Isn't That Spatial?
After 80 years of experiencing music in a stereo field, it is unlikely that the ear would quickly adapt to a new audio milieu.
The ear evolved to detect spatial cues. Sounds are perceived by the ear in order to locate them. If you tap your right hand on the table, then the left, you know where the sound is coming from. This is distinctly different from a recording of those two sounds played directly into the ear canal.
Recorded music is always artifice, and VR will not necessarily make it seem more real, although it can add realism where it might be needed to be less fake or to provoke empathy.
Ideally, if music exists in a VR space it must be presented in a virtualized stereo space within the VR environment, such as a stereo speaker pair that exists in the scene. Seeing a "live" performance in VR is really not much different than stereo, and is in actuality, more of a mono experience. Musicians on a stage aren't that far apart from one another to have any appreciable spatial effect.
It is not necessary to have spatialization for a band on a stage, with separate emitters for each band member. In VR it might be interesting to have sounds coming from behind, or over the shoulder.
I have always liked earbuds that have lots of leakage because they create a figure/ground experience. Some environments, especially urban areas, have lots of keynotes created by cars and trucks (horns, brakes, etc.) that become ground to what's playing in the earbuds. Binaural recordings are especially interesting because they are spatialized stereo that don't require artificial placement of emitters to square visual and audio clues.

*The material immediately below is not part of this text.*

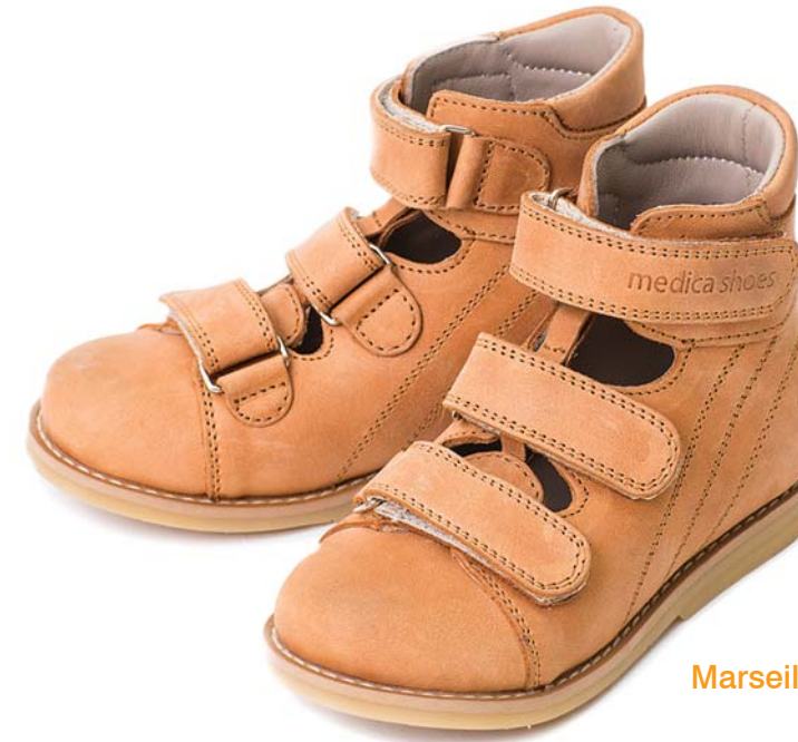
Marseille AV 06/06

ASMR (Autonomous Sensory Meridian Response) is an aspect of binaural recording that activates the nerves in the proximity of the ear, causing a tingling feeling, such as the effect of a whisper in the ear. Binaural recording in music has interesting applications such as having background vocalists record in an over-the-shoulder shot, rather than hard-panning in a stereo field. But if the music is good, any recording technology should suffice. (Music memory doesn't include it anyway--an earworm is an earworm in the space of your head.)